Council backflips on Australia Day snub
Written by admin on September 23, 2024
A local council in South Australia has backflipped on its decision to move Australia Day celebrations away from January 26.
Councillors with the City of Unley, a small council area that covers Adelaide’s prosperous southern inner-city, voted 8-4 on Monday night to restore its citizenship ceremony and Australia Day awards to January 26, after earlier voting to move the events to the evening of January 25.
The reversal, proposed by Councillor Rebekah Rogers, followed a community survey that showed 60.6 per cent of residents wanted the council to keep the ceremonies on January 26.
“We cannot ask our community for their opinion and then not listen to the result,” Ms Rogers said on Monday.

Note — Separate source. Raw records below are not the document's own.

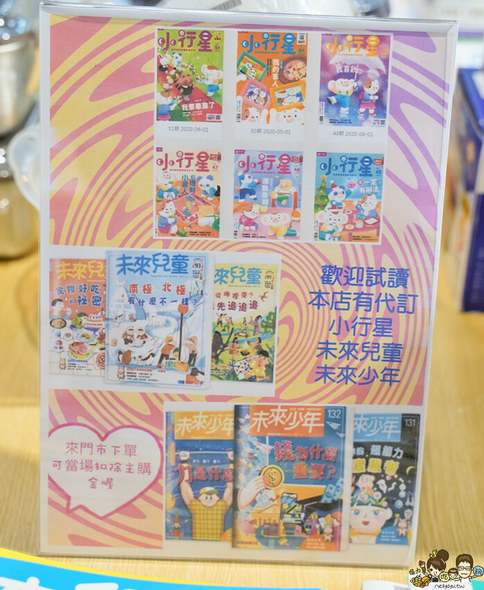 還有小行星、未來兒童及康軒學習雜誌也可以到 丹爸朝明店訂購,每個月少吃一個麥當勞餐點
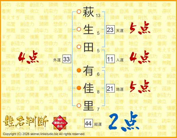 萩(13画)生(5画)田(5画) 有(6画)佳(8画)里(7画)
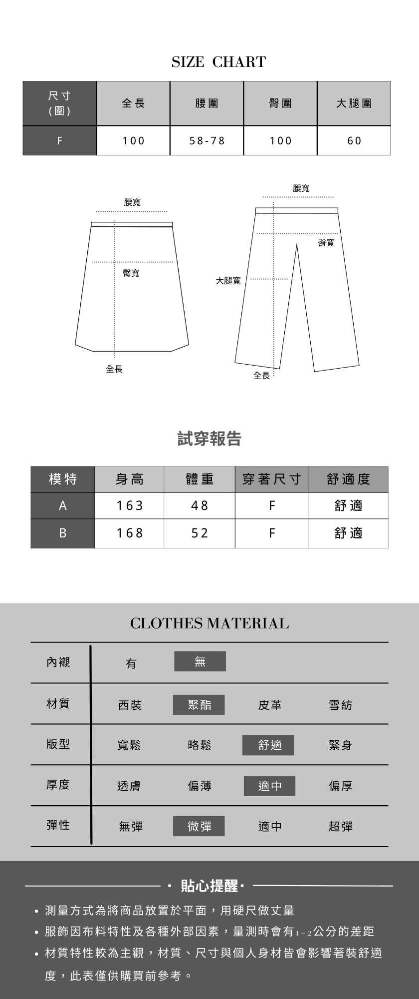 全長100 腰圍58-78 臀圍100 腿圍60cm
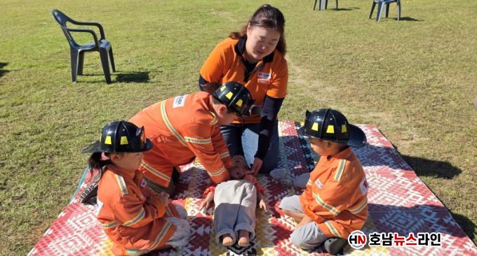 | ¼Ò¹æ°ü Á÷¾÷üÇè¿¡ ³ª¼± ¾ÆÀ̵éÀÌ ¼Ò¹æ°ü º¹ÀåÀ» ÀÔ°í ÀÎ¸í±¸Á¶ Ȱµ¿À» Á÷Á¢ ¹è¿ì°í üÇèÇÏ´Â ¸ð½À.(»çÁøÁ¦°ø-³ªÁÖ½Ã)
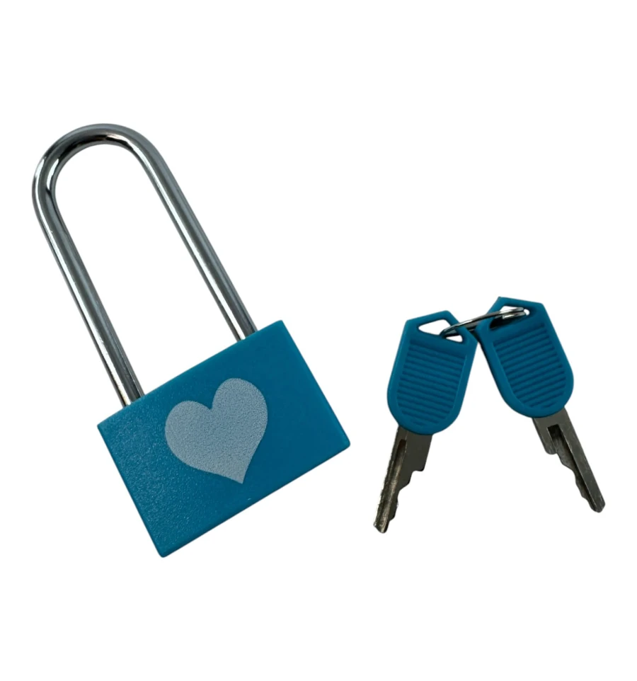 Цей замок для закоханих – символ міцного зв'язку та вічного кохання. Він виконаний у яскравому рожевому кольорі з витонченим білим серцем у центрі, що підкреслює його романтичний характер. У комплекті йдуть два ключики, дозволяючи парі разом замкнути свої почуття у цьому символі відданості. Замочок ідеально підходить для закріплення на мостах кохання, на пам'ятних місцях або для використання як подарунок, який уособлює непорушний зв'язок між двома серцями.
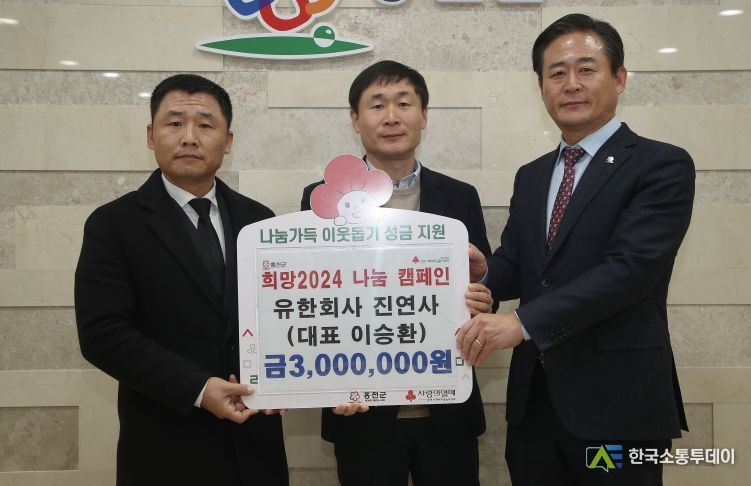 한국소통투데이 관리자 기자 | 홍천군 종합주류회사인 유한회사 진연사(대표 이승환)는 12월 27일 홍천군청을 방문하여 희망2024 나눔캠페인에 성금 300만원을 기탁했다.
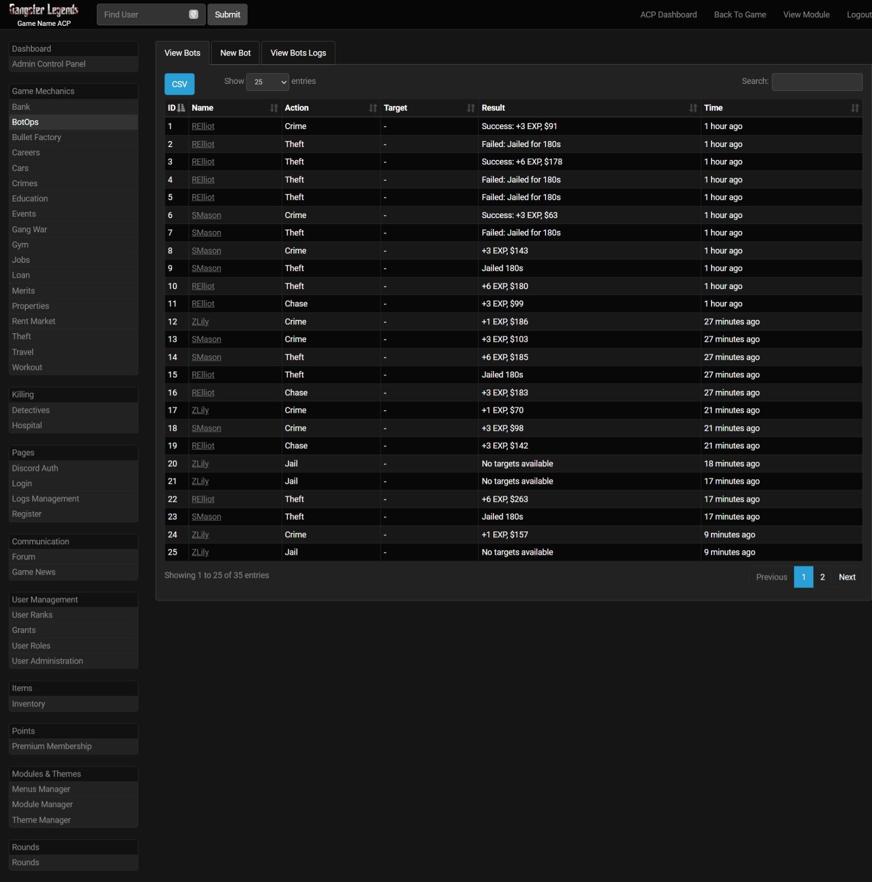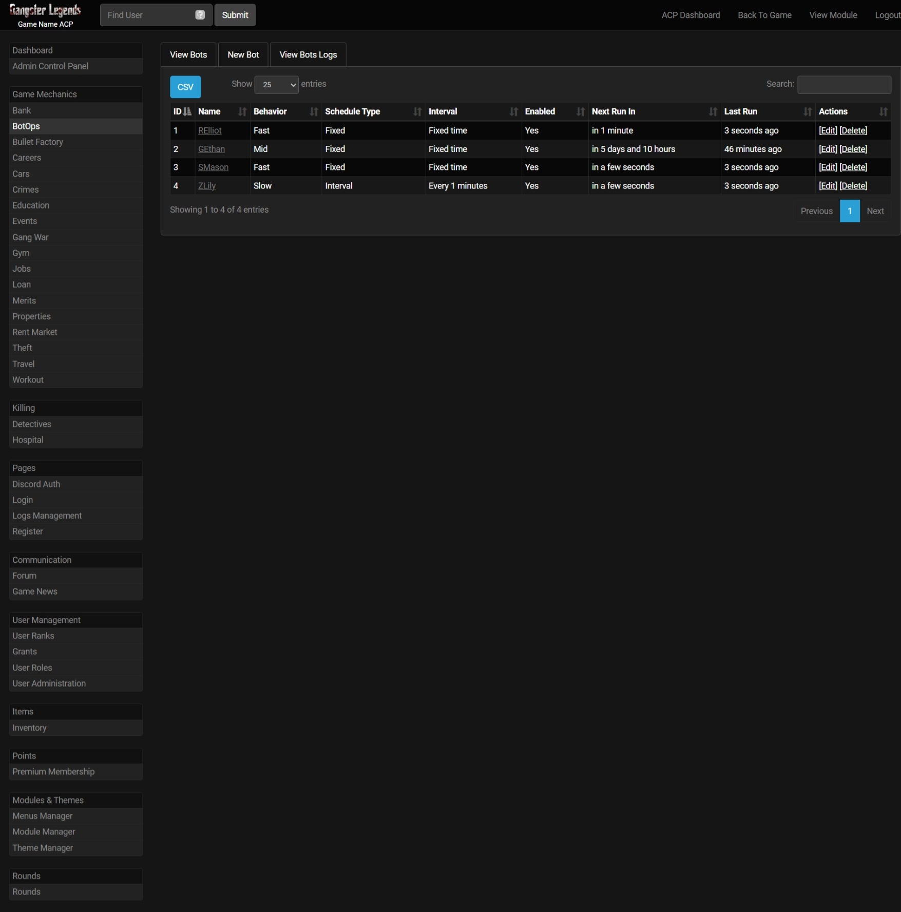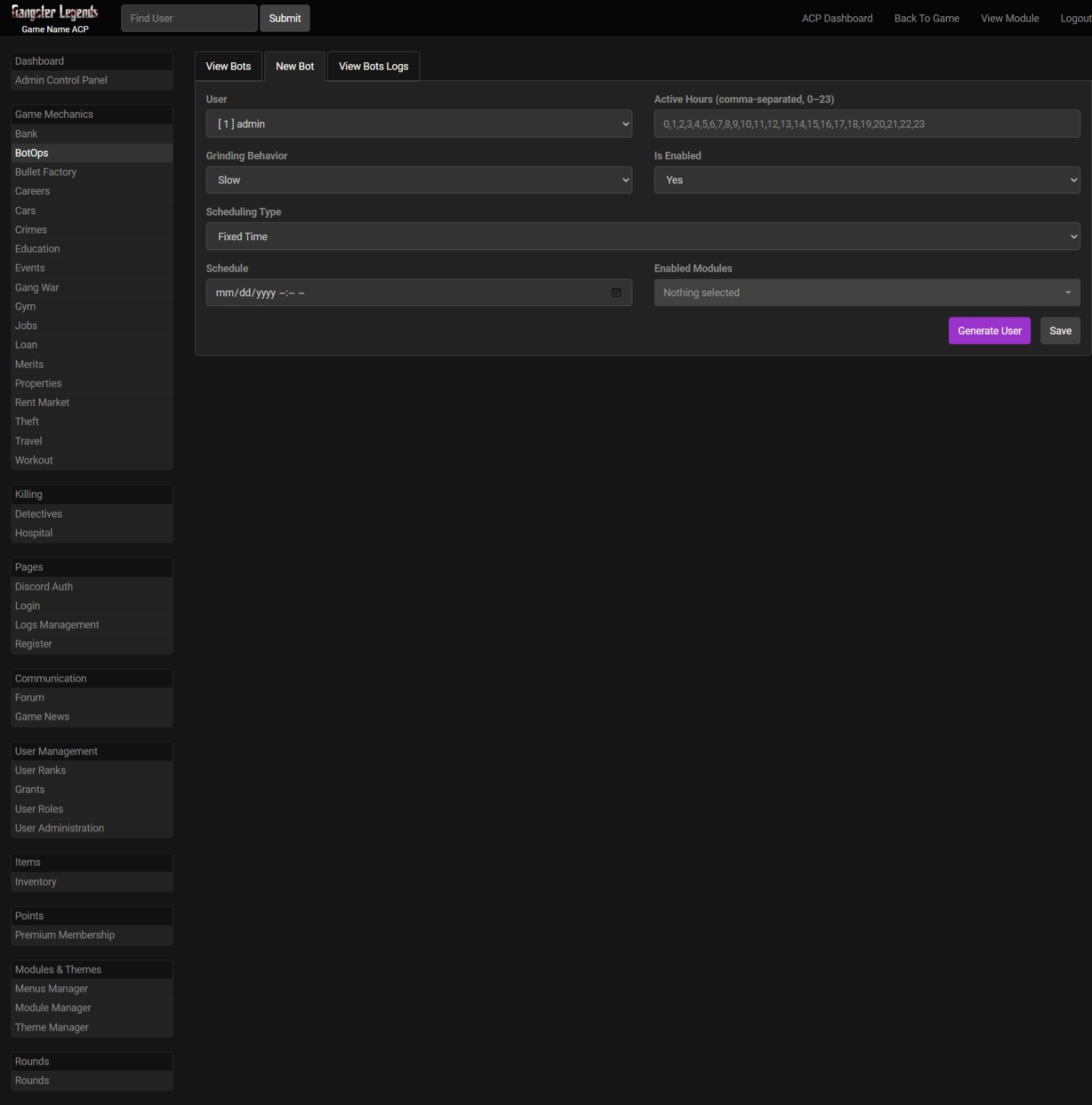 Want to automate gameplay and add dynamic NPC bots that act on their own schedule? The Bot System Module lets you create intelligent bots with customizable behaviors, active hours, and scheduling — enhancing your game world with lively autonomous players.
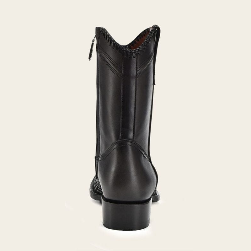 Bota casual para caballero en piel genuina de bovino. Con grabado láser de logotipo Cuadra en tubo. Con piel tejida a modo artesanal al frente, en orejas y parte superior. Ajuste interno de cierre. Suela de cuero con TPU.
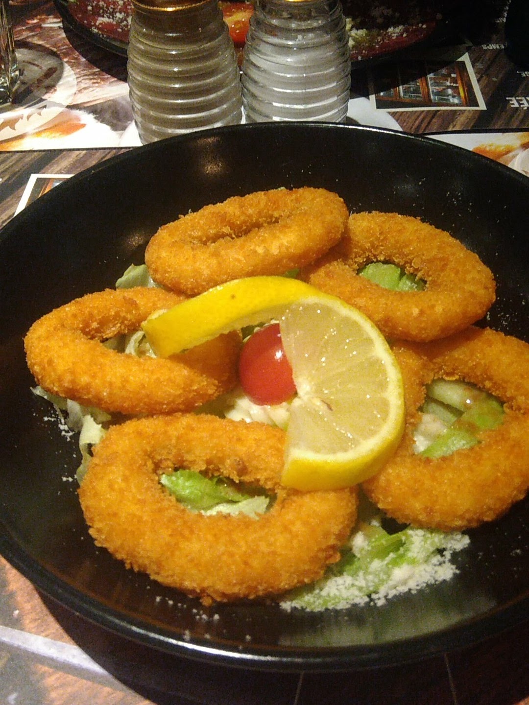 1-Trop de serveurs tue le service. Attendre plus d'une minute pour qu'une personne vienne vous proposer une table 2-Dire aux clients que les tables du fond ne sont pas bien : odeur, alors que le client veut aller dans le fond 3-Les plats proposés : -Calamars : ne pas le prendre, c'est 4 pauvres calamars qui se battent en duel sur un lit de salade peu original. La sauce est trop présence -Le burger : trop gros, trop huileux : pas bon du tout. quand on demande à point on l'a presque bleue Passez votre chemin et aller voir d'autres restaurants dans le centre commercial
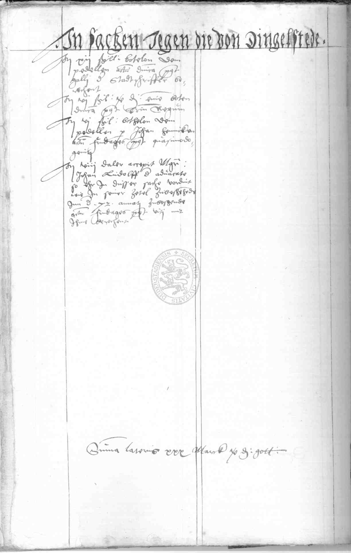 | Rubrum: | in sachen jegen die von Dingelsteden |
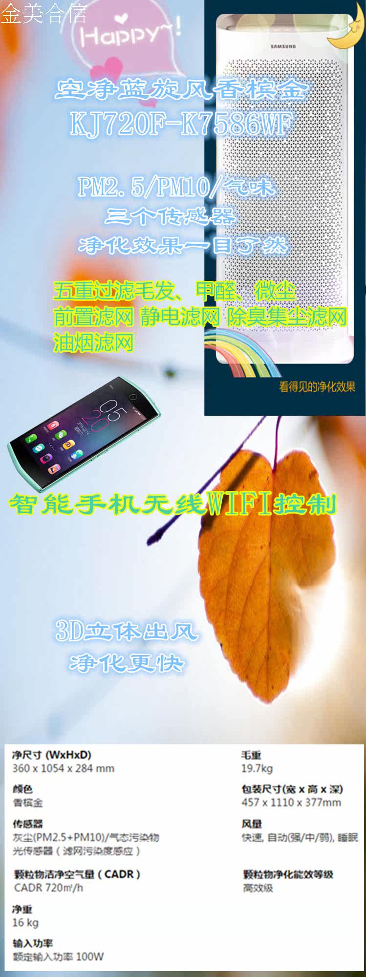 三星空气净化器KJ720F-k7586WF除雾霾甲醛病菌,超长效HEPA滤网延长使用时间2倍,HCHO强化滤网,过滤效果增强2倍; 滤网寿命提示,3个独立传感器,PM2.5/PM10/气味浓度独立显示,多种模式。韩国原装进口。除霾增强型。有静电除尘装置和WIFI。全国联保。高于国家GB/T 18801-2015《空气净化器》标准。
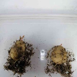 タリナム・カフルム 去年実生した苗🌱 中々芽が出ないので、腐ったのかとハラハラしていたら無事に芽が出た😁 急いで植え替えをしようと、掘り起こしてみたらしっかり芋できてました😊
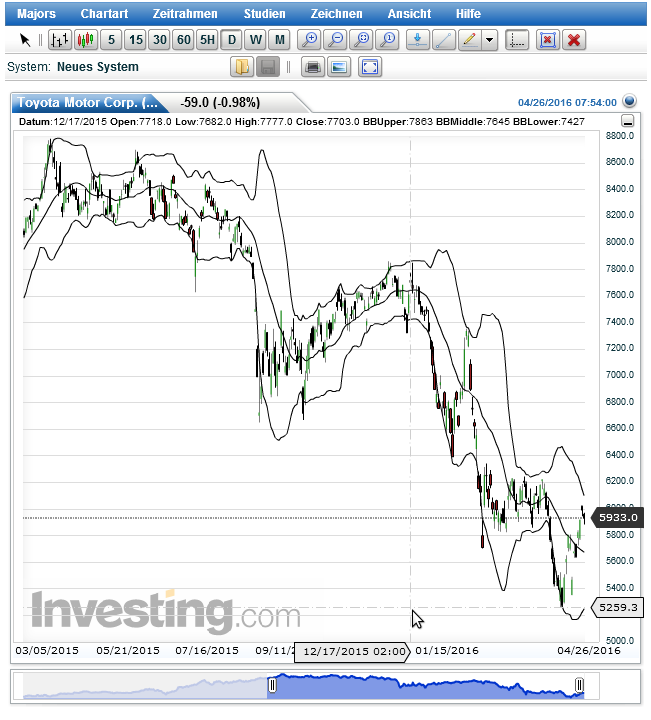 nicht zuletzt verschuldet durch die schweren Umweltkatastrophen in Japan, wodurch vielerlei Lieferketten und somit Produktionen unterbrochen werden mussten. Aber auch der schwere Markt für Toyota tut sein übriges dazu. Bin deshalb erstmal Short gegangen und warte ab. Im letzten Jahr (Daily Chart von März '15) ist bereits ein starker Rückgang zu verzeichnen. Denke das wird ein Trendfolger.
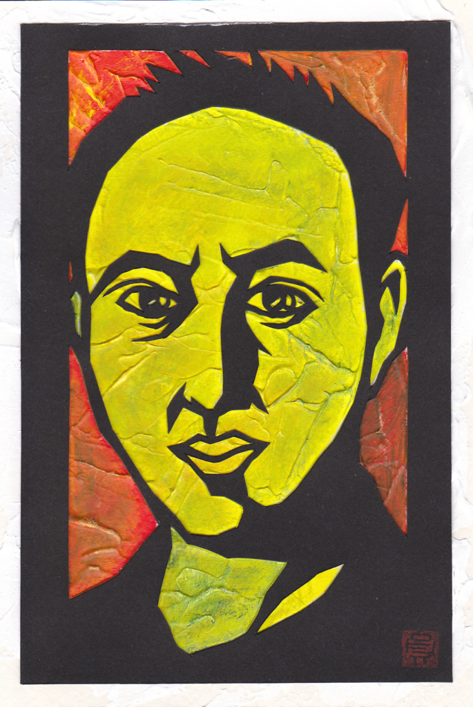 彼との交流は、それから数年に渡って続くのですが、「切り絵をもっと鮮やかにしよう」と思い立って、自作の色彩を絵の具で使用するようになったのは「藤岡光一の陶芸作品に近づくため」でした。

“Tonight’s vote is on a consultation process.
“The community wanted a say and we gave them a say.”
Ms Rogers proposed the earlier motion to reject January 26, which the council passed 7-5 in March 2023.
Her new motion asked the council to acknowledge January 26 was a “divisive date” for many Australians, but Unley should nonetheless hold its citizenship ceremony, Australia Day awards and community event on January 26 and the allocate $20,000 for the 2025 celebration.
The vote triggered sharp emotions from the public and the councillors.
Before the vote, Indigenous Elder Major ‘Moogy’ Sumner AM spoke out against January 26 and implored councillors to maintain their original position.
“We can all enjoy another day,” he said.
“Why change it back? To rub salt into a wound? Or to say, ‘well, we’re going to have it whether you like it or not’.”
January 26 marks the day the British First Fleet arrived in Sydney Cove and it serves as a source of pain for many Indigenous Australians.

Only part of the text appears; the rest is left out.